Financial Item | Amount | Explanation |
---|---|---|
Reported Net Income | $200,000 | The profit shown on your financial statement. |
Add back: Excess Owner Salary | +$75,000 | The portion of your salary above the market rate. |
Add back: Personal Expenses | +$15,000 | Personal car or travel run through the business. |
Adjusted EBITDA | $290,000 | The true profitability that a buyer will value. |
This adjusted figure is what a buyer uses. A higher Adjusted EBITDA leads directly to a higher valuation for your practice.
Curious about what your practice might be worth in today’s market?
Life After the Sale: Structuring Your Transition
The final sale price is only part of the story. The structure of the deal has major implications for your future, your staff, and your legacy. A successful transition plan involves more than just a handshake. It includes clear agreements on staff retention, patient handovers, and your own potential ongoing role. For many owners, a 100% cash sale is not the only option. Structures like an equity rollover, where you retain a minority stake in the new, larger entity, allow you to benefit from future growth. This can provide a “second bite of the apple” and align your interests with the new owner, often while preserving your clinical role. Planning for these post-sale realities is critical to ensuring the transition meets your personal and financial goals.
Your specific goals and timeline should drive your practice transition strategy.
Frequently Asked Questions
What is the current market outlook for selling an integrated Speech and Occupational Therapy practice in San Antonio, TX?
The San Antonio market is very strong for integrated therapy practices, with high demand driven by population growth and employment opportunities. Sophisticated buyers, including private equity groups and regional players, are actively seeking well-managed practices. The local market benefits from national growth projections of 27% for Speech-Language Pathologists and 18% for Occupational Therapists, along with a strong local workforce and attractive service pricing.

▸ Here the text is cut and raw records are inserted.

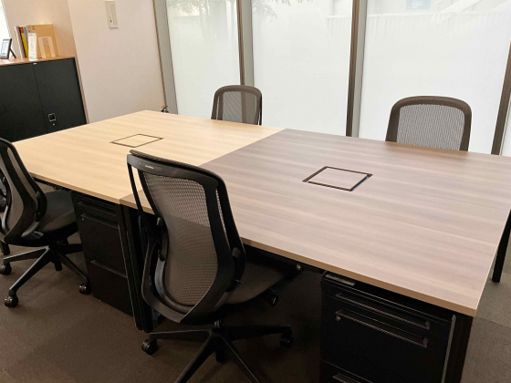 お、のびのびと配置されているのはオカムラさんのワークキャリアーですね!まっすぐに配置されたテーブルよりもリラックスして議論に参加できそうな感じがします。
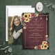 Sunflower Burgundy Wood Floral Photo Wedding Invitation
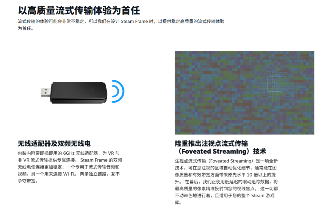 不仅如此,Steam Frame 还准备了一个类似无线鼠标那样的适配器,以及通过眼动追踪技术专门优化注视区域的画面细节,都是为了保证串流画面足够清晰流畅。
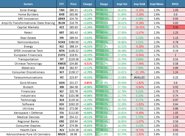 Quite a changing of the guard on our momentum list! The Solar energy TAN ETF is now in our top slot, followed by the Homebuilders XHB and the ARKK innovation ETF. Investors are rotating out more defensive areas of the market like XLP Consumer Staples and XLV Healthcare and going risk-on into CPI:
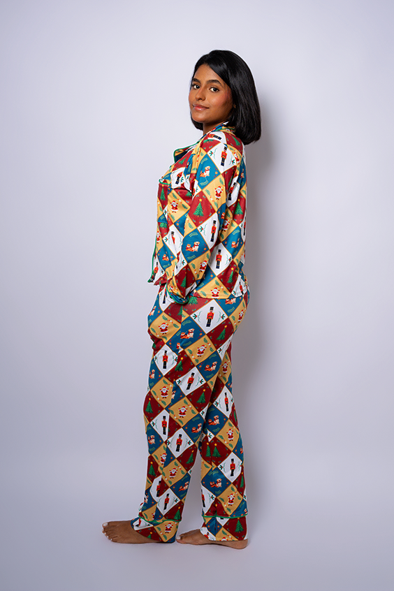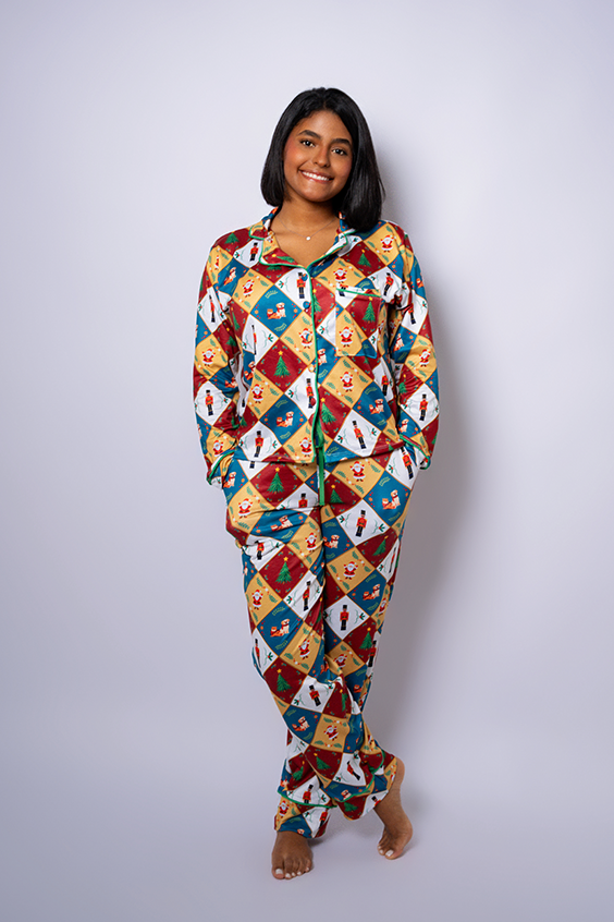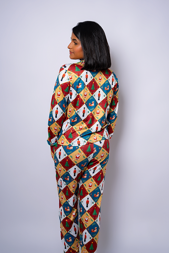 Wrap yourself in the festive spirit with our Ginger Pajama Set. Adorned with a lively Nutcracker and Christmas tree print set against a plaid backdrop of red, green, and gold, this set features long sleeves and pants for full comfort. Crafted from luxurious Peach Skin fabric, it's perfect for those chilly holiday nights or a cozy morning unwrapping gifts. Experience the ultimate in holiday comfort and style.
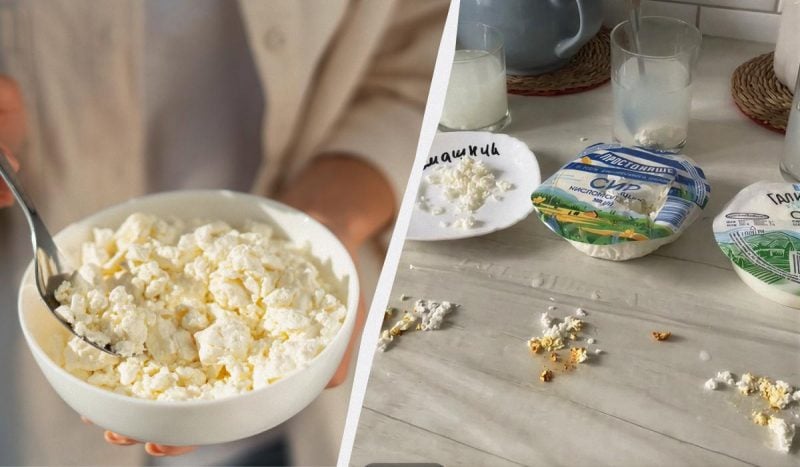 Авторка купила 6 видів сиру і порівняла їх з домашнім продуктом. Серед "випробовуваних" виявилися такі марки: "Простонаше" (завод Danone в Кременчуці), "Галичина" (Радехівський молзавод), "Хуторок" (Зміївський молзавод), (Богодухівський молзавод), а також магазинний, який продавався на вагу.
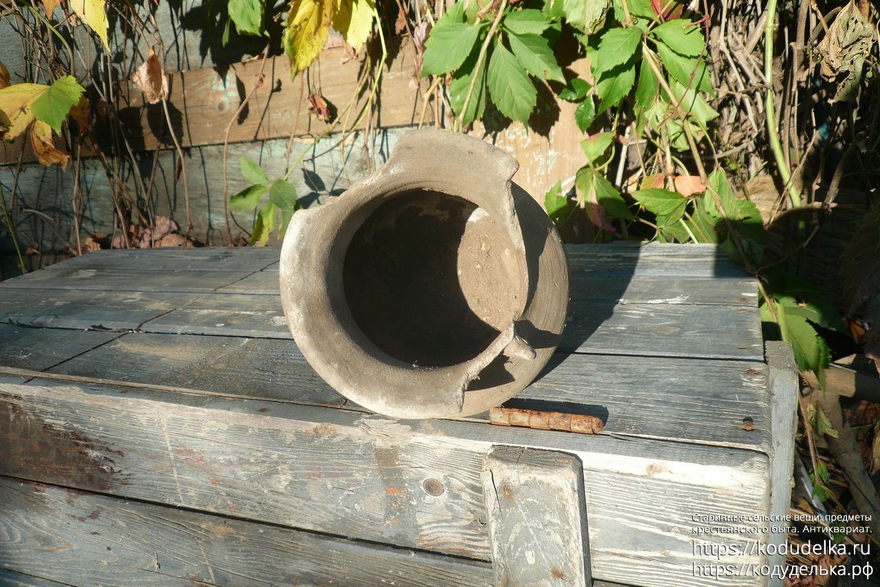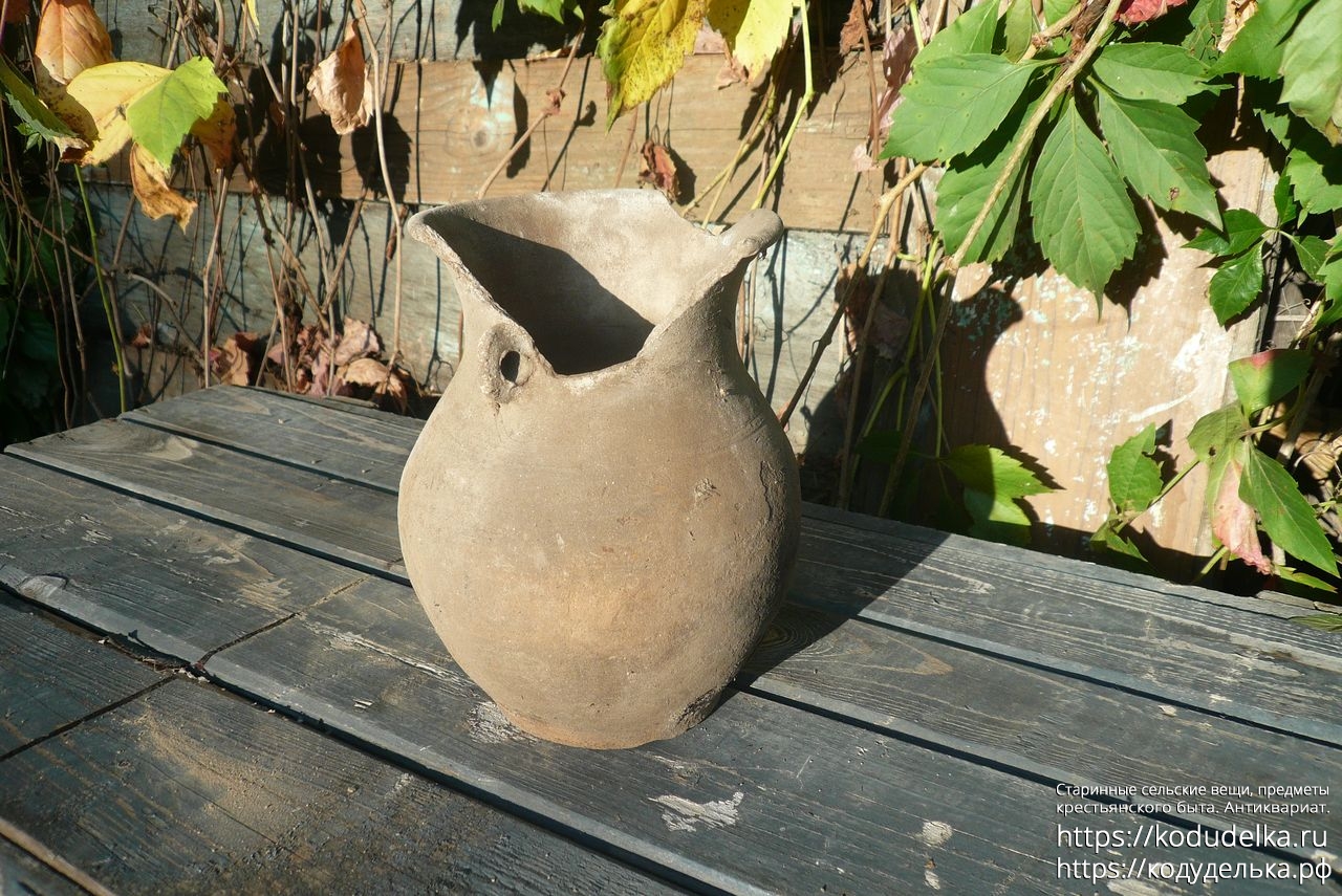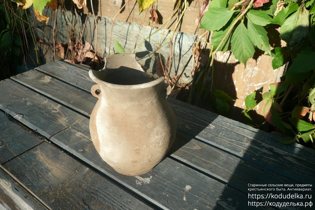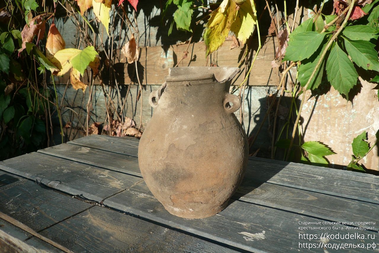 Крынка с ручками (кувшин? ваза?), с существенными сколами по ободку (на фото), с двумя малыми ручками-«ушками».

How should I prepare my Speech and Occupational Therapy practice for sale in San Antonio?
Preparation should start two to three years before your target exit date to maximize value. Focus on organizing financial records, documenting operational procedures, and ensuring compliance and patient records are meticulous. This preparation helps you present a compelling story of stability and growth potential, which is critical for attracting serious buyers.
Who are the typical buyers for these practices in the San Antonio area?
Buyers tend to be strategic and sophisticated, including local competitors, private equity-backed groups, and large regional platforms aiming to expand their footprint. They look for practices with strong operational systems and clear growth potential. Confidentiality is important in these sales, and creating competition among multiple qualified buyers is essential for achieving the highest value.
How is the value of a Speech and Occupational Therapy practice determined?
Valuation is typically based on Adjusted EBITDA rather than just net income. This involves adjusting reported profits by adding back owner-specific expenses and one-time costs to show true profitability. This adjusted EBITDA is then multiplied by a market-based multiple to determine enterprise value. For example, adding back excess owner salary and personal expenses can reveal hidden value that increases your practice’s worth.
What should I consider about the transition and deal structure after selling my practice?
The deal structure affects your future, staff, and legacy. Options include a 100% cash sale or structures like an equity rollover, allowing you to retain a minority stake and benefit from future growth. Planning the transition involves clear agreements on staff retention, patient handovers, and potential ongoing roles. Tailoring the transition to your goals and timeline is crucial to a successful sale and post-sale experience.